District courts in Washington, D.C. and South Carolina came to differing conclusions on the validity of the rule.


The court of appeals, in a unanimous 3-0 decision (pdf), found the NLRB’s notice posting rule violated an employer’s right to freedom of speech. The NLRA contains a provision, known as Section 8(c), that guarantees the right to express and disseminate views, arguments and opinions about unions so long as such expression contains no threat of reprisal or force, or promise of any benefit.


Relying upon Supreme Court precedent interpreting the First Amendment, the court held that the first two remedies in the NLRB’s regulation violated Section 8(c). Although this section “precludes the [NLRB] from finding noncoercive speech to be an unfair labor practice, or evidence of an unfair labor practice, the [NLRB’s] rule does both.” The notice posting rule required the employer to speak on the issue of unions, and purported to control the content of that message, under the threat of an unfair labor practice charge, in contravention of the right to freedom of speech contained in the NLRA.


The court found that the third remedy for failing to post the notice was also invalid. Tolling of the statute of limitations was not permissible because the NLRB failed to demonstrate that Congress intended such an exception when it adopted the NLRA over 60 years ago. Because all three enforcement tools were invalid, and because the notice requirement could not be separated from these remedies, the entire notice requirement was struck down.


Two of the three judges on the court would have gone even further. In a concurring opinion, these judges explained that the rule was invalid because the NLRB had no statutory authority to issue it.

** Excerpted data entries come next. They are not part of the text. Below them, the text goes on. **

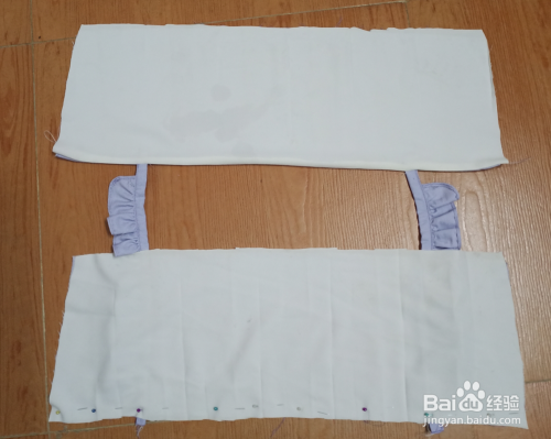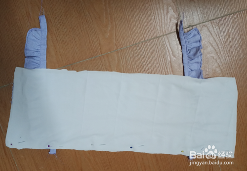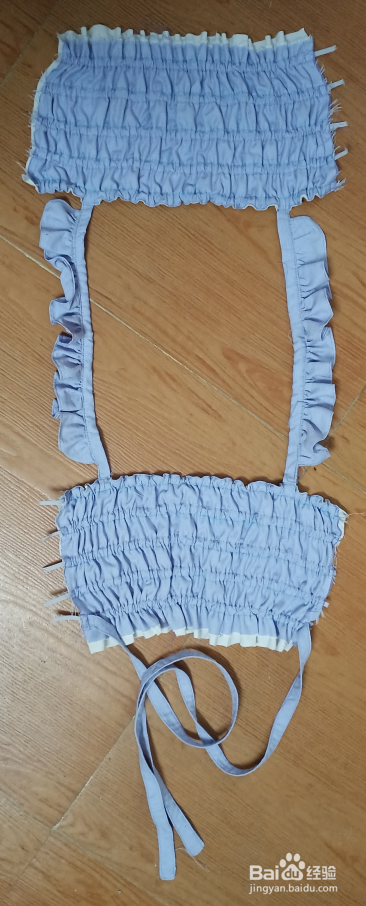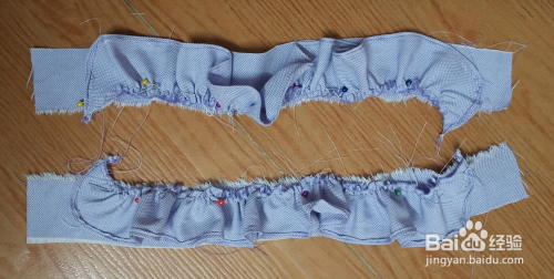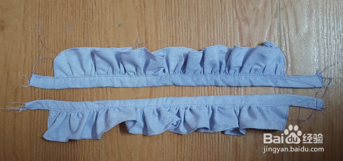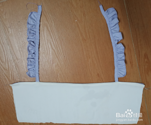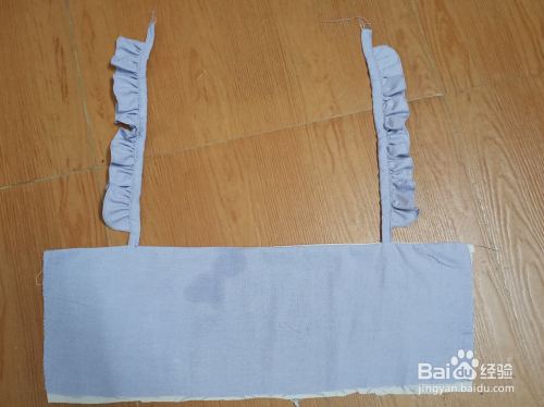 将肩带上的花边布料一头锁边,另一头抽褶。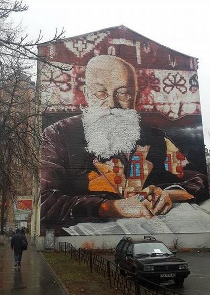 В Киеве на улице Артема появился мурал, посвященный Михаилу Грушевскому - историку, ученому и первому президенту Украины. Художники начали работу над портретом 14 ноября, для его создания использовали более 150 аэрозолей различных цветов. Общая площадь мурала - 160 кв.м.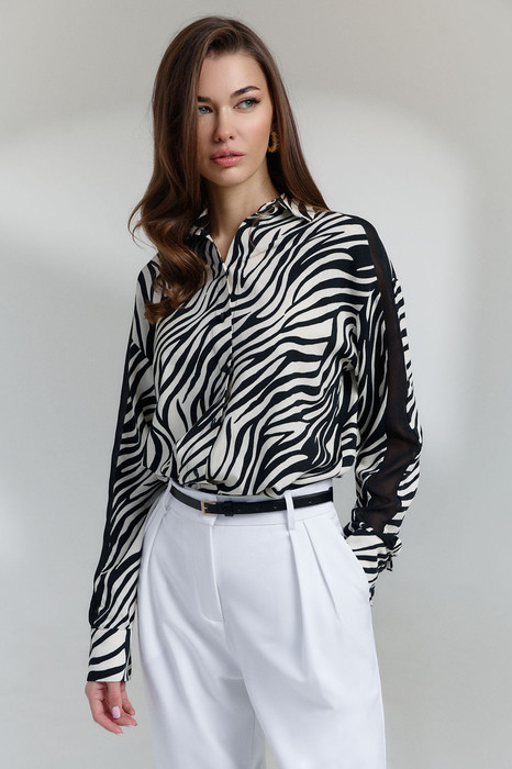 Блузка женская прямого силуэта. Борт обработан цельнокроеными планками. Низ блузки прямой. Рукав втачной, спущенный, с манжетой по низу. По плечевому шву и рукаву имеется декоративная цельнокроеная вставка из шифона. Спинка на кокетке. Застежка на планках и манжетах на пробивные петли и пришивные пуговицы.

In an interesting side note, the court also held that the recess appointment of former Member Becker (D), which has since expired, was not permissible under Noel Canning. But, there were still three, Senate-confirmed appointees who voted on the final rule, a majority of those members voted in favor, and all three of them were serving under valid appointments at the time the final rule was filed. Thus, the regulation did not fail for lack of a valid quorum on the NLRB.


For the labor professional, three significant items should be noted:

  • Since the litigation surrounding the rule began, the NLRB has declined to enforce the rule pending conclusion of that litigation. Given the court’s holding that the rule was “vacated,” it would be quite surprising if this position changed. At the time of this post, however, the NLRB has not formally announced its reaction to the ruling.
  • No court has sustained all parts of the NLRB’s rule. The rule has either been invalidated in its entirety, as the Washington, D.C. court of appeals and the district court in South Carolina did, or some of the enforcement provisions have been invalidated, like the district court in Washington, D.C. did. Thus, the rule doesn’t have a good track record so far.
  • The decision in the South Carolina case is still on appeal to a different court of appeals. Assuming the NLRB continues to fight for its rule, this ruling should come later this year.  If that ruling comes out differently, the likelihood increases that the Supreme Court will ultimately decide this issue.